What to do: Restate word for word the opening line of the data below and every line after it until the line with "高機能レンズ&優れた視認性:5層レンズ構", that line too, but not the pictures.

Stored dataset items
───

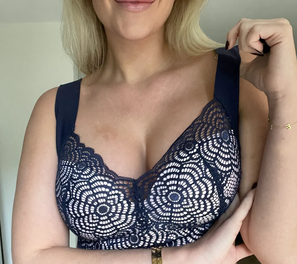 Wij begrijpen dat de juiste bh het verschil kan maken tussen een ongemakkelijke dag en een zelfverzekerde uitstraling. Onze bh is ontworpen om al je zorgen over hangende borsten, snijdende bandjes en pijnlijke bovenrug of schouders weg te nemen. Met geavanceerde rug- en borstondersteuning lift deze bh je borsten subtiel maar effectief, waardoor ze op hun best uitzien. Het biedt een ongeëvenaarde balans tussen comfort en aantrekkelijkheid, zodat je je de hele dag door comfortabel en zelfverzekerd voelt.
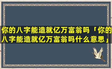 所谓“八字能造就亿万富翁”是一种流行的说法,指的是 🐦 ,根据一个人的出生时间和日期推算出的八字命理能够预测其未来的财富和财运。
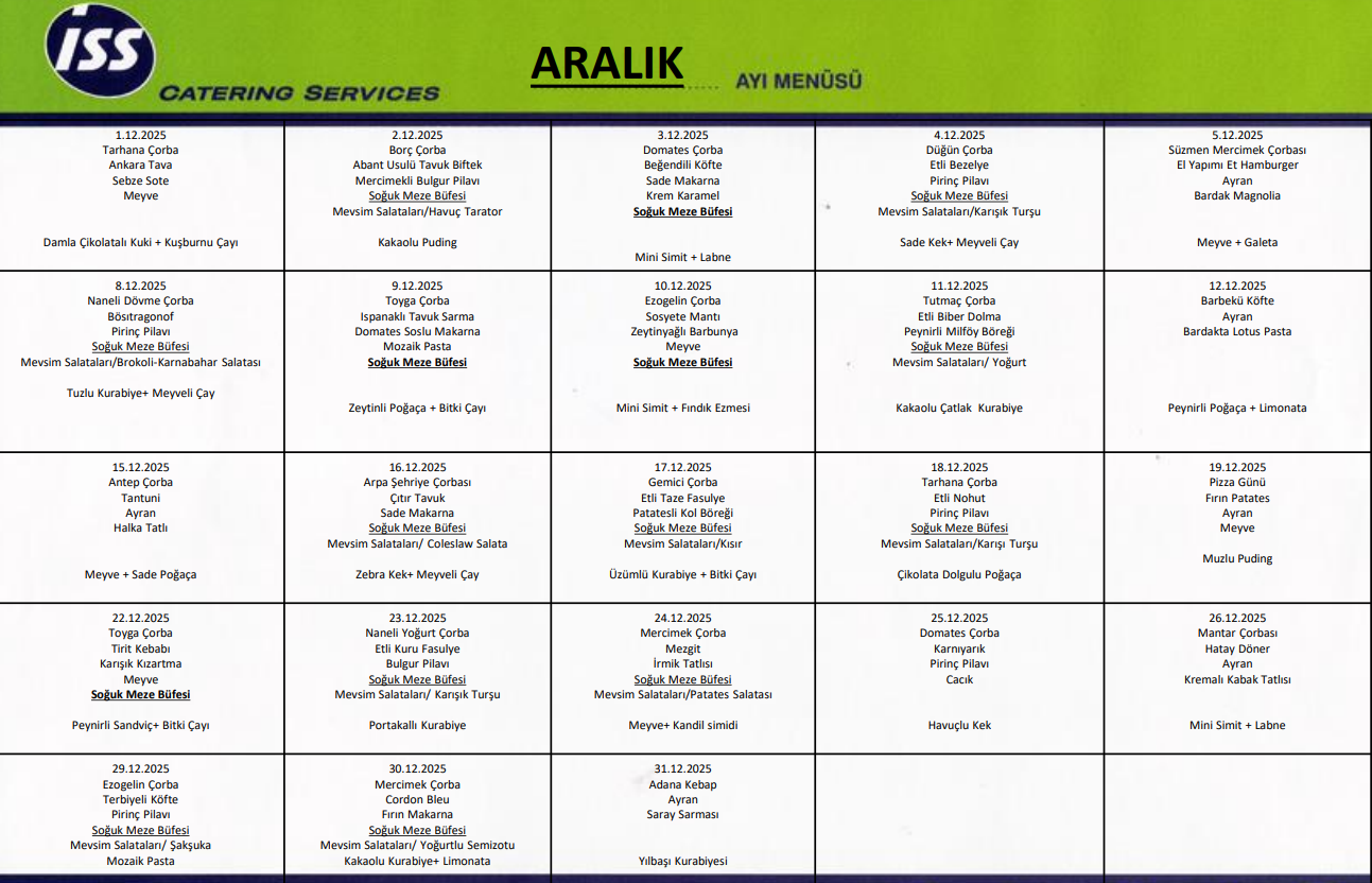 Aylık Yemek Listesi
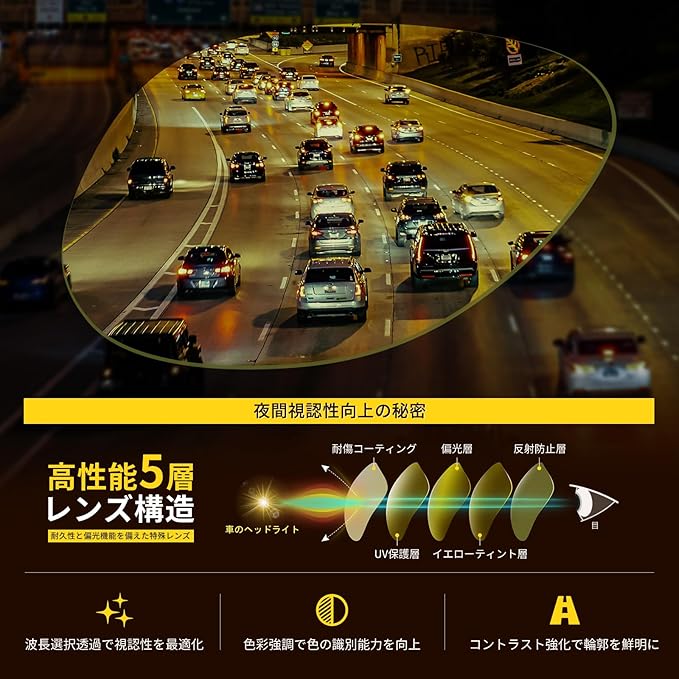 高機能レンズ&優れた視認性:5層レンズ構造(耐傷コーティング、偏光層、UV保護層など)で優れた視認性と耐久性を実現。UV400カットで有害な紫外線を99%カット。日中は眩しい日差しを効果的にカット、夜間は黄色レンズで視認性アップと、用途に応じて快適な視界を確保
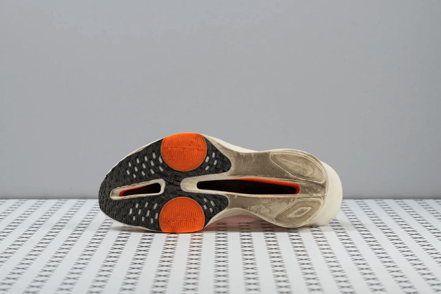 Nike Alphafly 3 có độ dày đế ngoài là 1.9 mm. Thậm chí trong tương lai, các đôi giày thi đấu còn có thể mỏng hơn nữa. Lý do rất đơn giản là những đôi giày được thiết kế để phá kỷ lục thế giới, hiệu suất giày nắm vai trò then chốt mà đế giữa mới là cái tạo nên hiệu suất, chứ không phải đế ngoài. Nike chấp nhận đánh đổi độ bền, sử dụng lớp cao su mỏng hơn để tối đa hóa hiệu suất đế giữa, tăng cường độ nảy và cải thiện độ êm ái tối đa.
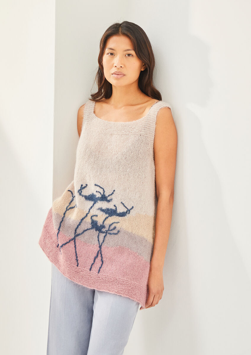 Add effortless elegance to your summer days with this long-length knitted vest, beautifully enhanced by a delicate silhouette-style motif that adds a subtle touch of charm and sophistication.
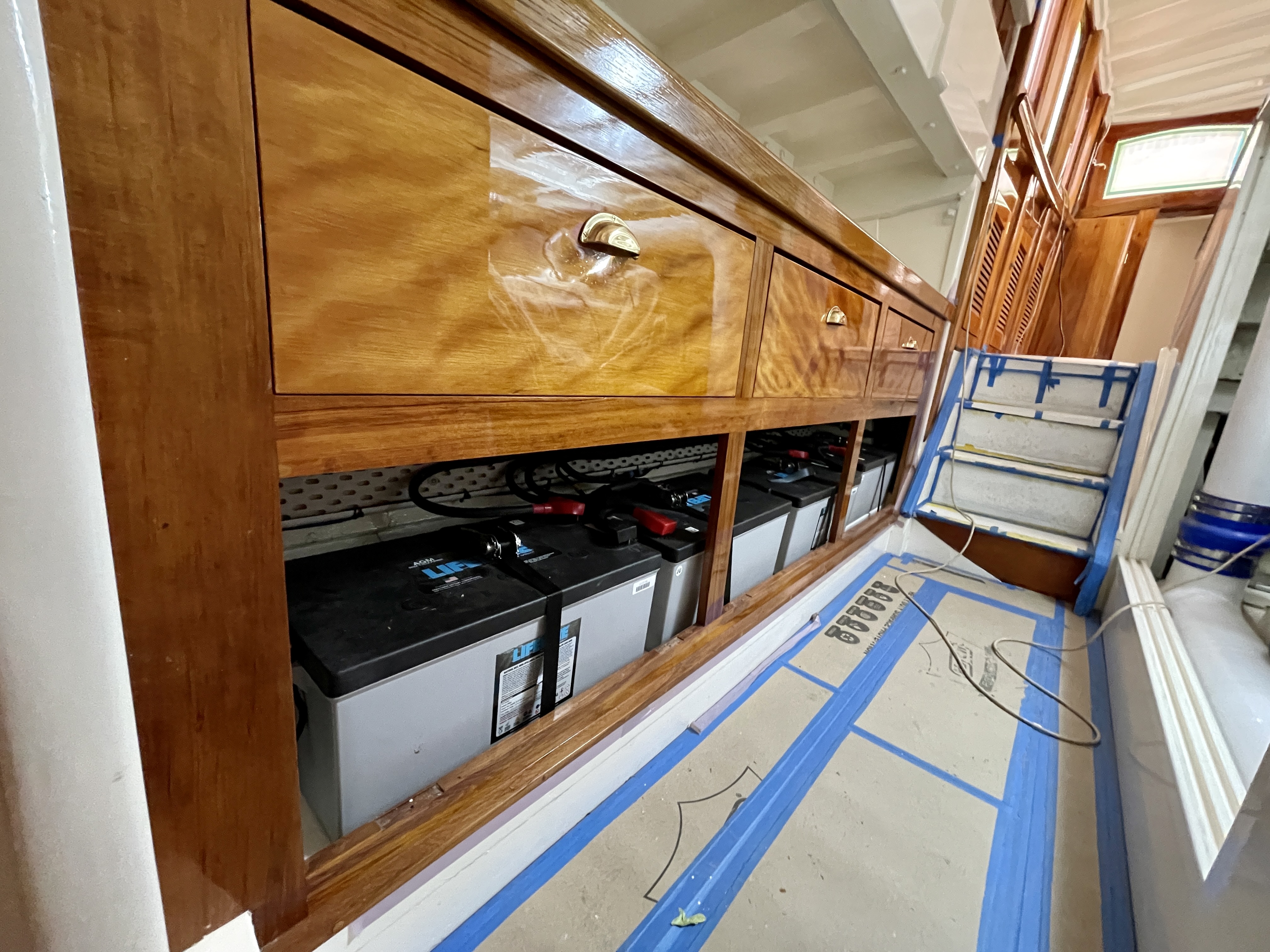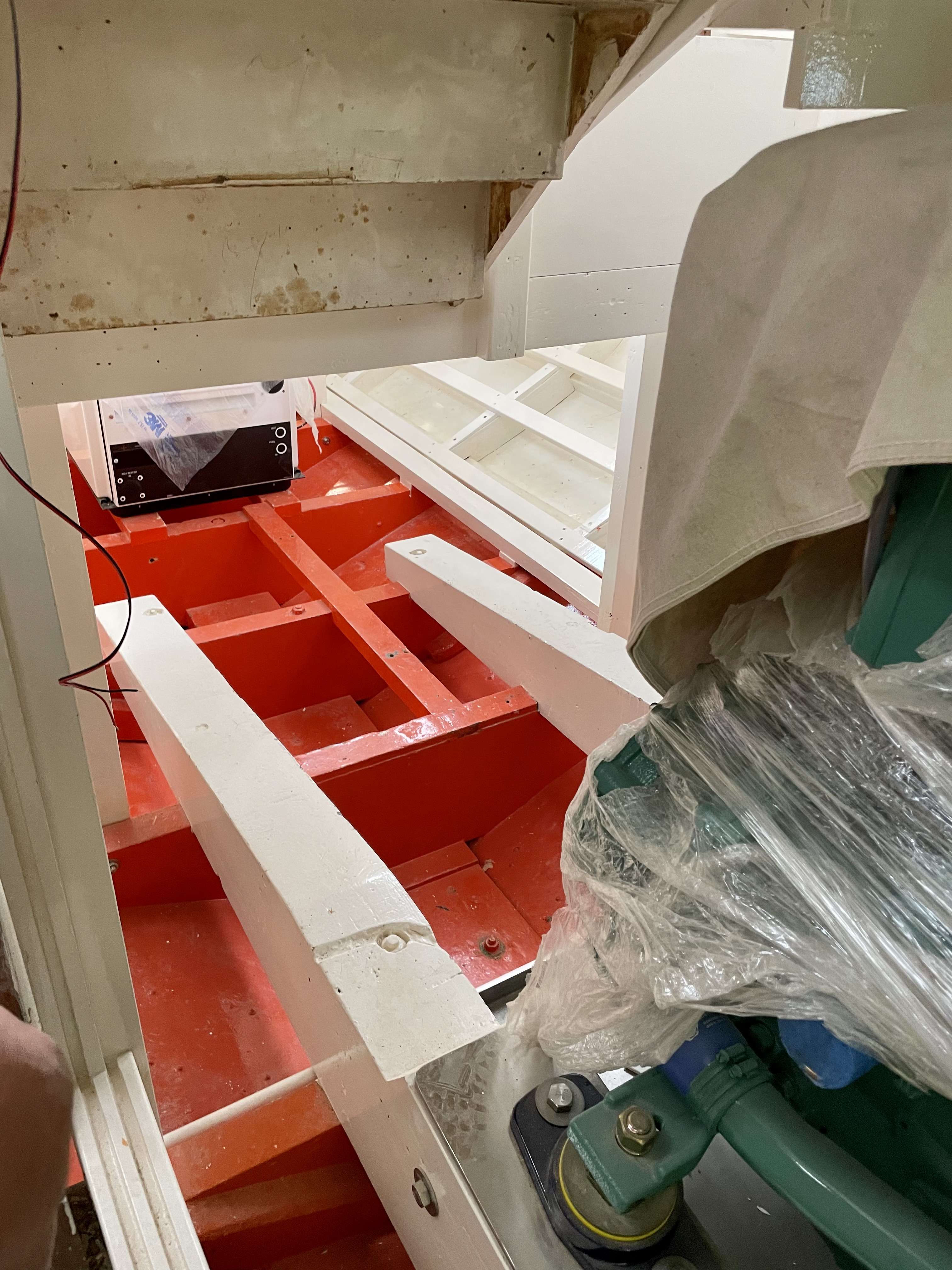 We also got a peek at the twin new engine installations – the main ‘Deutz ‘ engine and the trolling / backup electric side engine.

───

Output for this exercise:
 Wij begrijpen dat de juiste bh het verschil kan maken tussen een ongemakkelijke dag en een zelfverzekerde uitstraling. Onze bh is ontworpen om al je zorgen over hangende borsten, snijdende bandjes en pijnlijke bovenrug of schouders weg te nemen. Met geavanceerde rug- en borstondersteuning lift deze bh je borsten subtiel maar effectief, waardoor ze op hun best uitzien. Het biedt een ongeëvenaarde balans tussen comfort en aantrekkelijkheid, zodat je je de hele dag door comfortabel en zelfverzekerd voelt.
 所谓“八字能造就亿万富翁”是一种流行的说法,指的是 🐦 ,根据一个人的出生时间和日期推算出的八字命理能够预测其未来的财富和财运。
 Aylık Yemek Listesi
 高機能レンズ&優れた視認性:5層レンズ構造(耐傷コーティング、偏光層、UV保護層など)で優れた視認性と耐久性を実現。UV400カットで有害な紫外線を99%カット。日中は眩しい日差しを効果的にカット、夜間は黄色レンズで視認性アップと、用途に応じて快適な視界を確保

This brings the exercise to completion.